(Saved data entries)
+-------+
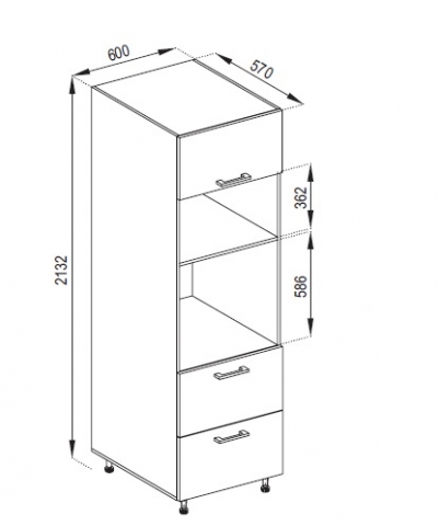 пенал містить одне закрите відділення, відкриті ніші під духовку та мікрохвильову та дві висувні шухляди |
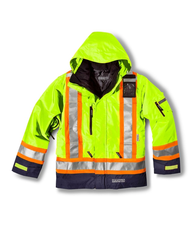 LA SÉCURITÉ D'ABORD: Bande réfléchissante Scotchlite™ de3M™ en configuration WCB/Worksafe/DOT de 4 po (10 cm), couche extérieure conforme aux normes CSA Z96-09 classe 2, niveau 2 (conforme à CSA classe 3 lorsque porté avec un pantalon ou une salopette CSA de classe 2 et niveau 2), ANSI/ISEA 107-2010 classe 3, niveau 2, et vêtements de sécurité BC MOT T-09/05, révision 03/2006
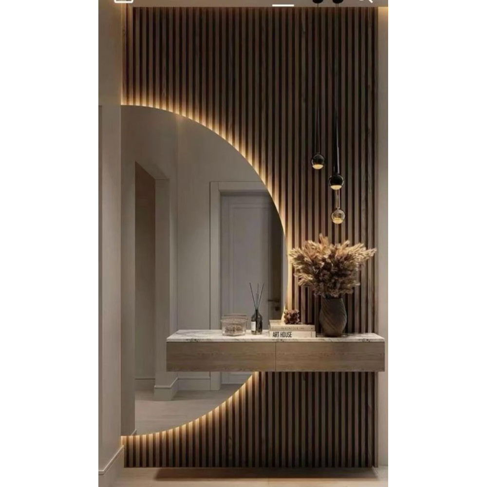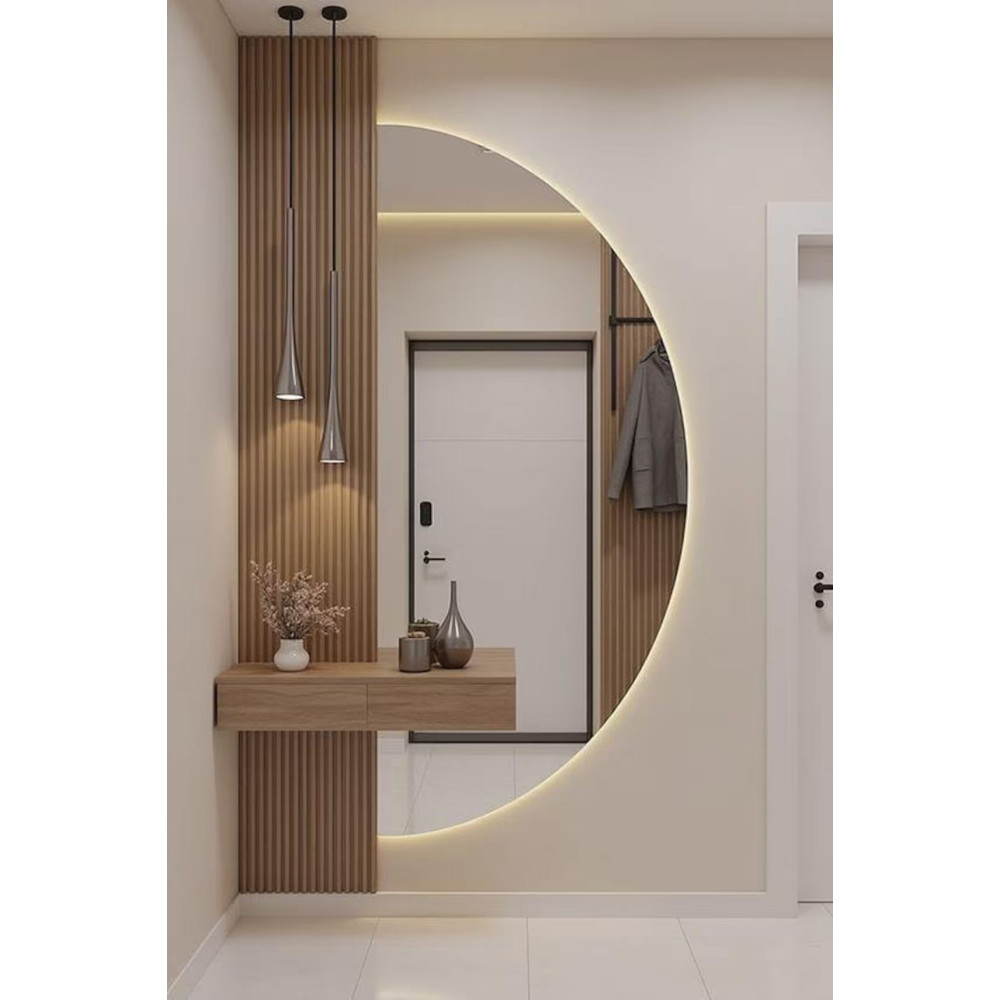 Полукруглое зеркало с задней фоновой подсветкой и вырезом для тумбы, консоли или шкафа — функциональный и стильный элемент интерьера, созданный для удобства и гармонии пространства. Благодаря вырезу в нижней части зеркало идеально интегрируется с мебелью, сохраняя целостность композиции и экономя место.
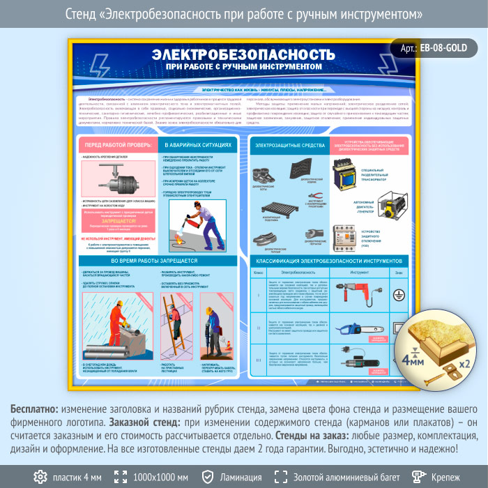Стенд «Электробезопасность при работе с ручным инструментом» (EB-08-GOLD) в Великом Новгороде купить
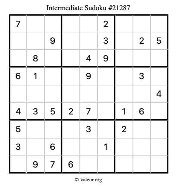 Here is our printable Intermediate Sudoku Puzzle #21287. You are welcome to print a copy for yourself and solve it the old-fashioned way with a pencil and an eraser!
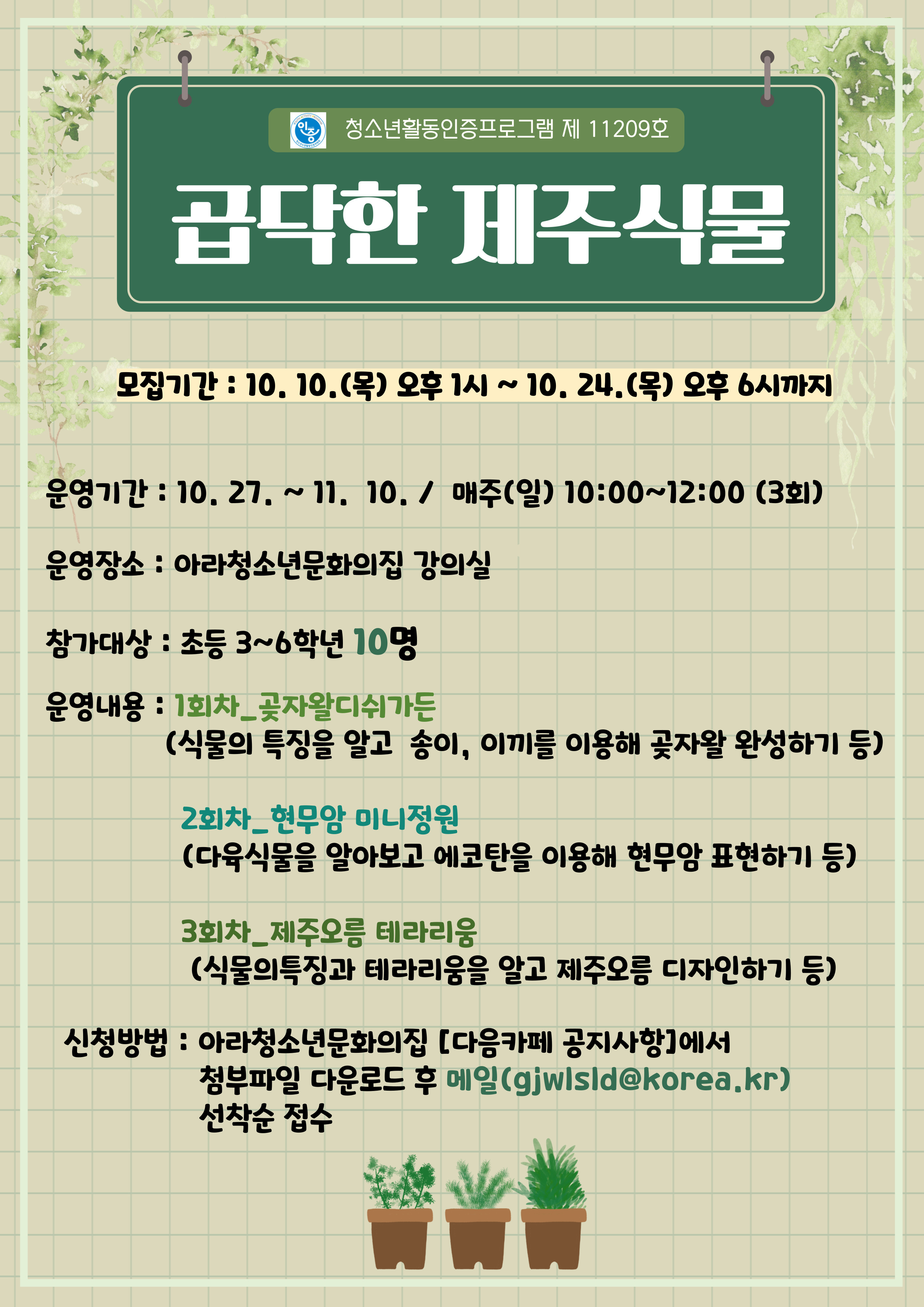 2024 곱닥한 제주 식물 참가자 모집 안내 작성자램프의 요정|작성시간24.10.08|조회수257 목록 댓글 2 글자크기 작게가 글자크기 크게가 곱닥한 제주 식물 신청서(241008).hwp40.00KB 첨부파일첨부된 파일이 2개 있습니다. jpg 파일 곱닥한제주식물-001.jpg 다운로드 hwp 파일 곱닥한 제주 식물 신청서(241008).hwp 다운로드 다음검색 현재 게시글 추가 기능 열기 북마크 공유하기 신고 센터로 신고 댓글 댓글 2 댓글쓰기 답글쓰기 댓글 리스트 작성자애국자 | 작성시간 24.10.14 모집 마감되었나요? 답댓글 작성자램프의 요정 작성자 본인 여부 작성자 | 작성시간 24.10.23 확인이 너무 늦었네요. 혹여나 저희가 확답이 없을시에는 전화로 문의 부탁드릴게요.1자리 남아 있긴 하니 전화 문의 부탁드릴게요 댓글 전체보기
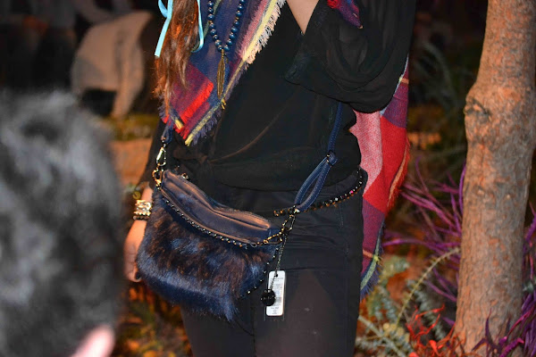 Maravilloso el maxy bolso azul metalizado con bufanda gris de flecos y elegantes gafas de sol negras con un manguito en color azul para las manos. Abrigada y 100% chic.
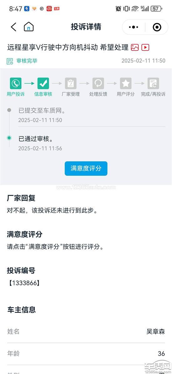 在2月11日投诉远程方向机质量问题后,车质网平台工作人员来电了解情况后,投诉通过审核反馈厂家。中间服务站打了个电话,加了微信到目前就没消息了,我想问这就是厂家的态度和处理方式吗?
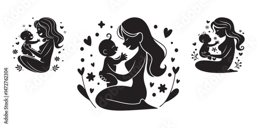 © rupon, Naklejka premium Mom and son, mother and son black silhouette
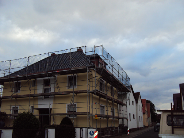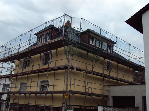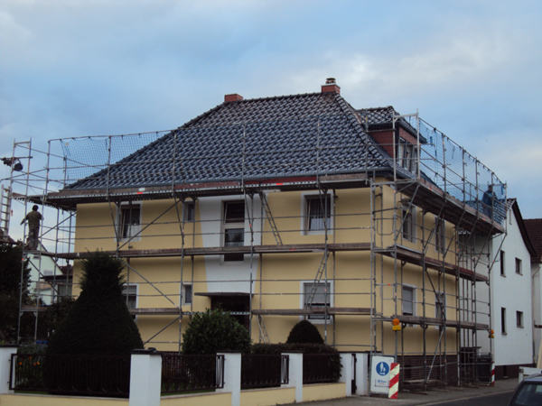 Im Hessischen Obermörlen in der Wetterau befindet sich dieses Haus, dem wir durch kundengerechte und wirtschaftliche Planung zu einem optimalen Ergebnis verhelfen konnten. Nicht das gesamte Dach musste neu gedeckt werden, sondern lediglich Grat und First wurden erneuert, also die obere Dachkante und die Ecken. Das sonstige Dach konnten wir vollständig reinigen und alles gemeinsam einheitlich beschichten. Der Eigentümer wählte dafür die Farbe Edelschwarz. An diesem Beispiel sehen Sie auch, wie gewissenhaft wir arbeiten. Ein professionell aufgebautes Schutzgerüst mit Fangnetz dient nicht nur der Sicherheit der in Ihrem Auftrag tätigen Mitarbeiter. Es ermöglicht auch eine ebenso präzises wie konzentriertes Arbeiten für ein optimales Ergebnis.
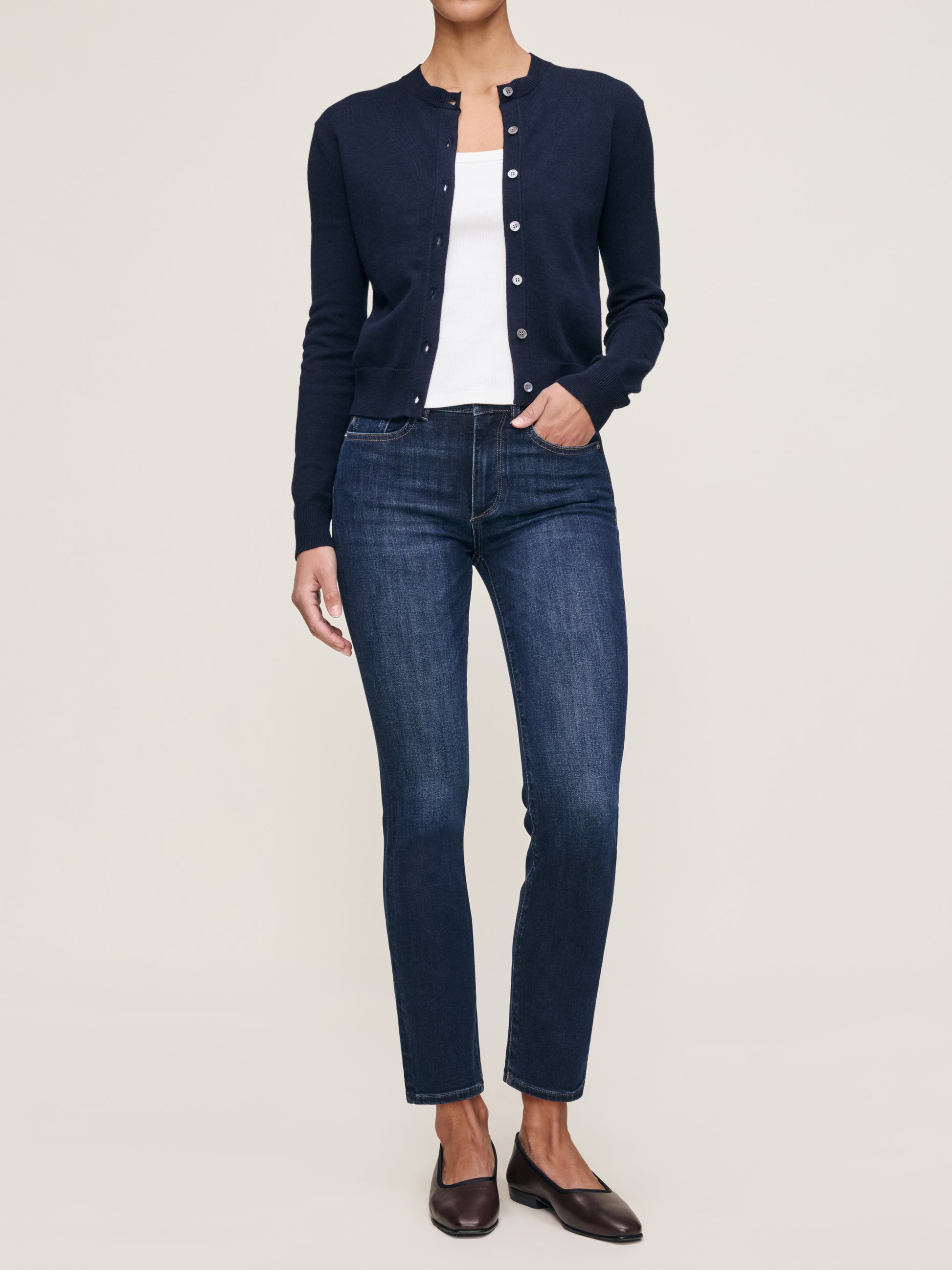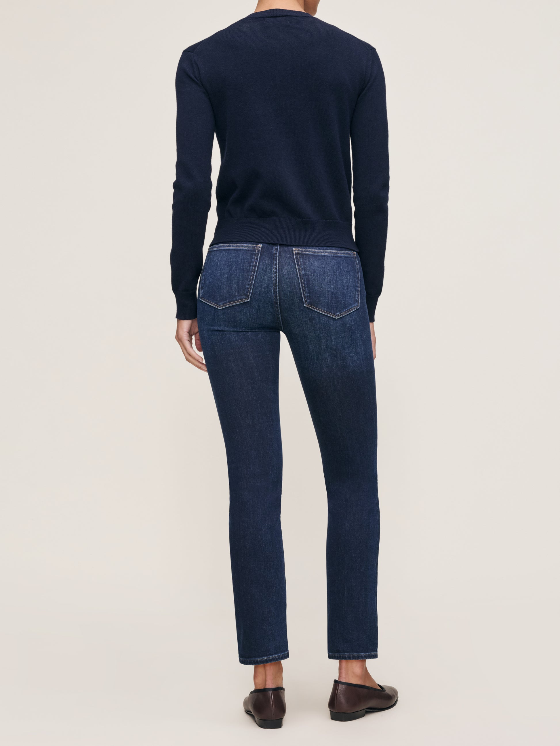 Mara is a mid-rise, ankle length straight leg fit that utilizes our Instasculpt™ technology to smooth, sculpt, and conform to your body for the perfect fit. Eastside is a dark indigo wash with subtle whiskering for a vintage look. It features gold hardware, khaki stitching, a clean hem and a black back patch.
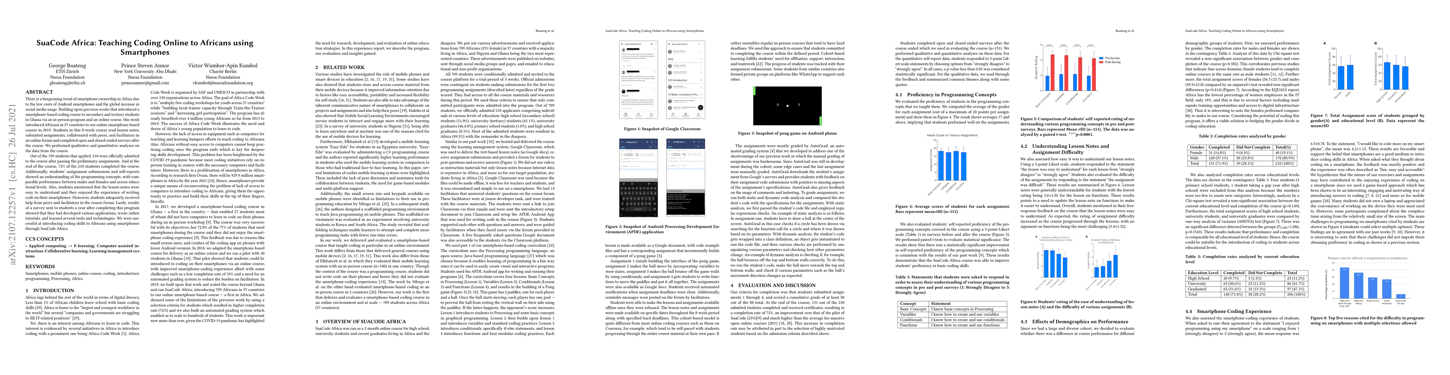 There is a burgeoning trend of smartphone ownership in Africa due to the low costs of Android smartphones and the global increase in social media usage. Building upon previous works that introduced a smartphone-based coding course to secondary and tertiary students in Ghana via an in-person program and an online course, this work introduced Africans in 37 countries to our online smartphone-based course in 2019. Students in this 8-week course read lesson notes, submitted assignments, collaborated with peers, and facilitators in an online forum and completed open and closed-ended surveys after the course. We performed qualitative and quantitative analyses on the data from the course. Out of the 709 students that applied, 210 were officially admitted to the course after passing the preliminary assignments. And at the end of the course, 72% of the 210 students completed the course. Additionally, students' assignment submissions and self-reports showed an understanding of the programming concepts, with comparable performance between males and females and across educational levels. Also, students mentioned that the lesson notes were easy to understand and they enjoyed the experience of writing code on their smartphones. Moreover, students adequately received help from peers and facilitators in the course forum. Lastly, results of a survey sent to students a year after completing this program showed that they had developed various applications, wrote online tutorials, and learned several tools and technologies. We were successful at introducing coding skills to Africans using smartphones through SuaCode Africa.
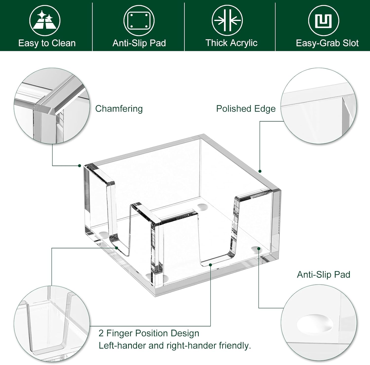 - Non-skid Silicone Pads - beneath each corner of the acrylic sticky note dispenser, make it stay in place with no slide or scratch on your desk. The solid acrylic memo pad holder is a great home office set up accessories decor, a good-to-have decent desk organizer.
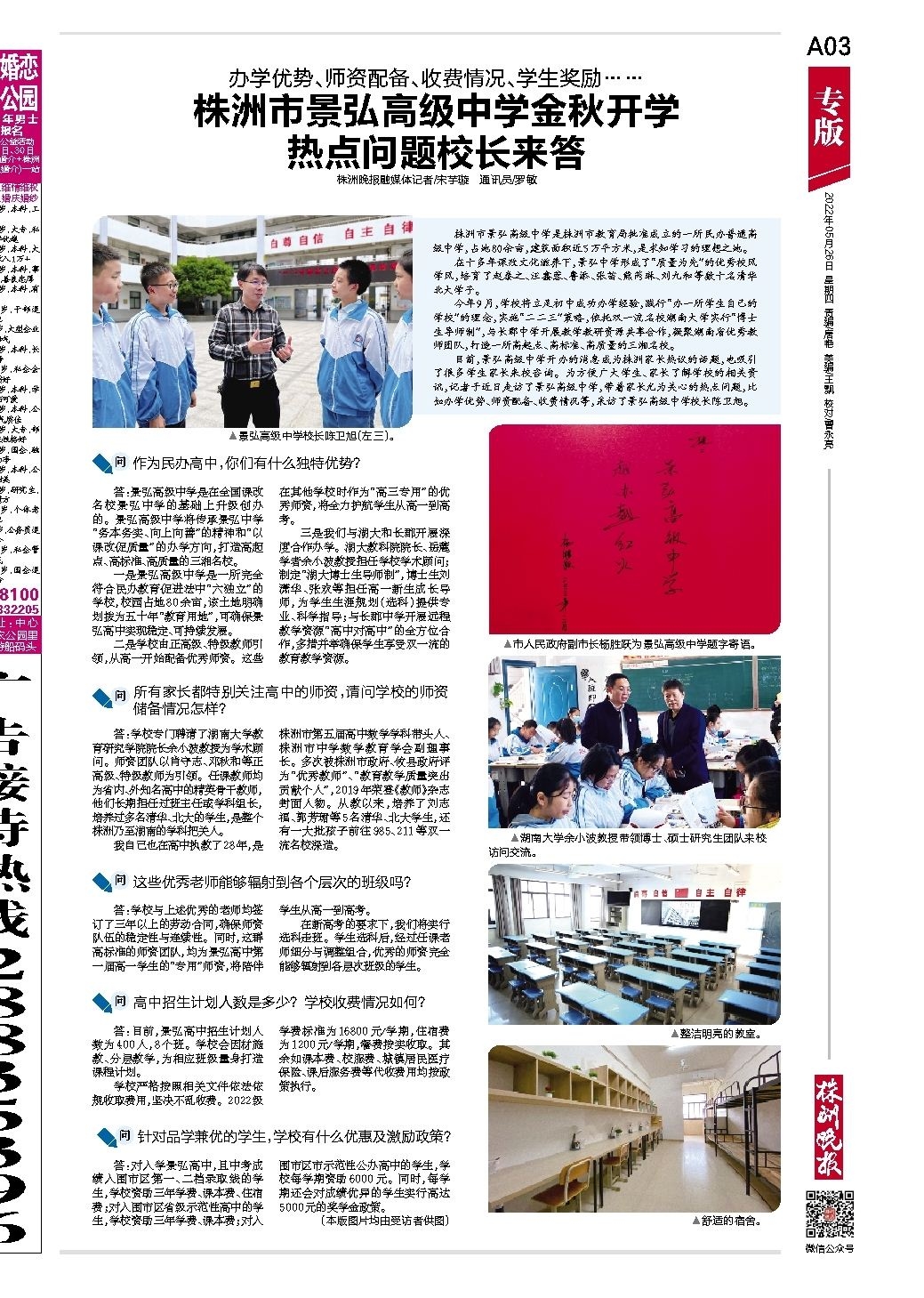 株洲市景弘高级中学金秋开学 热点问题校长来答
+-------+
# Aim of the task:
Transcribe exactly and only the lines from the top of the records through the line containing "Maravilloso el maxy", inclusive, and do not copy the pictures.

# Response to this task:
 пенал містить одне закрите відділення, відкриті ніші під духовку та мікрохвильову та дві висувні шухляди |
 LA SÉCURITÉ D'ABORD: Bande réfléchissante Scotchlite™ de3M™ en configuration WCB/Worksafe/DOT de 4 po (10 cm), couche extérieure conforme aux normes CSA Z96-09 classe 2, niveau 2 (conforme à CSA classe 3 lorsque porté avec un pantalon ou une salopette CSA de classe 2 et niveau 2), ANSI/ISEA 107-2010 classe 3, niveau 2, et vêtements de sécurité BC MOT T-09/05, révision 03/2006
 Полукруглое зеркало с задней фоновой подсветкой и вырезом для тумбы, консоли или шкафа — функциональный и стильный элемент интерьера, созданный для удобства и гармонии пространства. Благодаря вырезу в нижней части зеркало идеально интегрируется с мебелью, сохраняя целостность композиции и экономя место.
Стенд «Электробезопасность при работе с ручным инструментом» (EB-08-GOLD) в Великом Новгороде купить
 Here is our printable Intermediate Sudoku Puzzle #21287. You are welcome to print a copy for yourself and solve it the old-fashioned way with a pencil and an eraser!
 2024 곱닥한 제주 식물 참가자 모집 안내 작성자램프의 요정|작성시간24.10.08|조회수257 목록 댓글 2 글자크기 작게가 글자크기 크게가 곱닥한 제주 식물 신청서(241008).hwp40.00KB 첨부파일첨부된 파일이 2개 있습니다. jpg 파일 곱닥한제주식물-001.jpg 다운로드 hwp 파일 곱닥한 제주 식물 신청서(241008).hwp 다운로드 다음검색 현재 게시글 추가 기능 열기 북마크 공유하기 신고 센터로 신고 댓글 댓글 2 댓글쓰기 답글쓰기 댓글 리스트 작성자애국자 | 작성시간 24.10.14 모집 마감되었나요? 답댓글 작성자램프의 요정 작성자 본인 여부 작성자 | 작성시간 24.10.23 확인이 너무 늦었네요. 혹여나 저희가 확답이 없을시에는 전화로 문의 부탁드릴게요.1자리 남아 있긴 하니 전화 문의 부탁드릴게요 댓글 전체보기
 Maravilloso el maxy bolso azul metalizado con bufanda gris de flecos y elegantes gafas de sol negras con un manguito en color azul para las manos. Abrigada y 100% chic.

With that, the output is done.